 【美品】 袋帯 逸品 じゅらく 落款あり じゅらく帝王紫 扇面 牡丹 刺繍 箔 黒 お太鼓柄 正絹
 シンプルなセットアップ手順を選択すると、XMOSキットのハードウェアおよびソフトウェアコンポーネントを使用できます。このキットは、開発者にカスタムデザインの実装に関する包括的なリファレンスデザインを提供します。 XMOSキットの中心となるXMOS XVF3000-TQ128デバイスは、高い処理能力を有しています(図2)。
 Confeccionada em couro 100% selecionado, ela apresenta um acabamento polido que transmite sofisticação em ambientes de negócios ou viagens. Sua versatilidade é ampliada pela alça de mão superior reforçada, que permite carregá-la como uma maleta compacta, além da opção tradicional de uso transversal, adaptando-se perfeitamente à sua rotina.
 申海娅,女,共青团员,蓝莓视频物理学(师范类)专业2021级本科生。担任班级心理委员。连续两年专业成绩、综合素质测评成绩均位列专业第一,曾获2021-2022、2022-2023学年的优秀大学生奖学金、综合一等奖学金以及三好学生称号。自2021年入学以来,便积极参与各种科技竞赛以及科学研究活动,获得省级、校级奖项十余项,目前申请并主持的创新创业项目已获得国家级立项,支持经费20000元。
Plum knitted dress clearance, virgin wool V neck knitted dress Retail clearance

...

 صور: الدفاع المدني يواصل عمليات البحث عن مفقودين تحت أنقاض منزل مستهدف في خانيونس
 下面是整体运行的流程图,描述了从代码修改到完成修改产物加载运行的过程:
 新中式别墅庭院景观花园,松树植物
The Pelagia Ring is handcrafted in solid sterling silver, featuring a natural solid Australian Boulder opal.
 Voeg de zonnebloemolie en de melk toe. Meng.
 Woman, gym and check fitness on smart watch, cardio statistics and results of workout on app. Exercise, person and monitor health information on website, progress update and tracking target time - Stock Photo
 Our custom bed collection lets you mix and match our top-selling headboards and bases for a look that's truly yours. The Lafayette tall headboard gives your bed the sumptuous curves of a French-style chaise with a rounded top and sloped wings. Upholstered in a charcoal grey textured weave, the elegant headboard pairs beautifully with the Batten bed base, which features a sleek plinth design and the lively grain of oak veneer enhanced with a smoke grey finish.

WHAT TO WORK ON:
Copy the lines of the data above exactly as written, beginning with the line containing "箔 黒 お太鼓柄 正絹" and ending with the line containing "Plum knitted dress", and leave out all other lines.

WRITTEN RESPONSE:
 【美品】 袋帯 逸品 じゅらく 落款あり じゅらく帝王紫 扇面 牡丹 刺繍 箔 黒 お太鼓柄 正絹
 シンプルなセットアップ手順を選択すると、XMOSキットのハードウェアおよびソフトウェアコンポーネントを使用できます。このキットは、開発者にカスタムデザインの実装に関する包括的なリファレンスデザインを提供します。 XMOSキットの中心となるXMOS XVF3000-TQ128デバイスは、高い処理能力を有しています(図2)。
 Confeccionada em couro 100% selecionado, ela apresenta um acabamento polido que transmite sofisticação em ambientes de negócios ou viagens. Sua versatilidade é ampliada pela alça de mão superior reforçada, que permite carregá-la como uma maleta compacta, além da opção tradicional de uso transversal, adaptando-se perfeitamente à sua rotina.
 申海娅,女,共青团员,蓝莓视频物理学(师范类)专业2021级本科生。担任班级心理委员。连续两年专业成绩、综合素质测评成绩均位列专业第一,曾获2021-2022、2022-2023学年的优秀大学生奖学金、综合一等奖学金以及三好学生称号。自2021年入学以来,便积极参与各种科技竞赛以及科学研究活动,获得省级、校级奖项十余项,目前申请并主持的创新创业项目已获得国家级立项,支持经费20000元。
Plum knitted dress clearance, virgin wool V neck knitted dress Retail clearance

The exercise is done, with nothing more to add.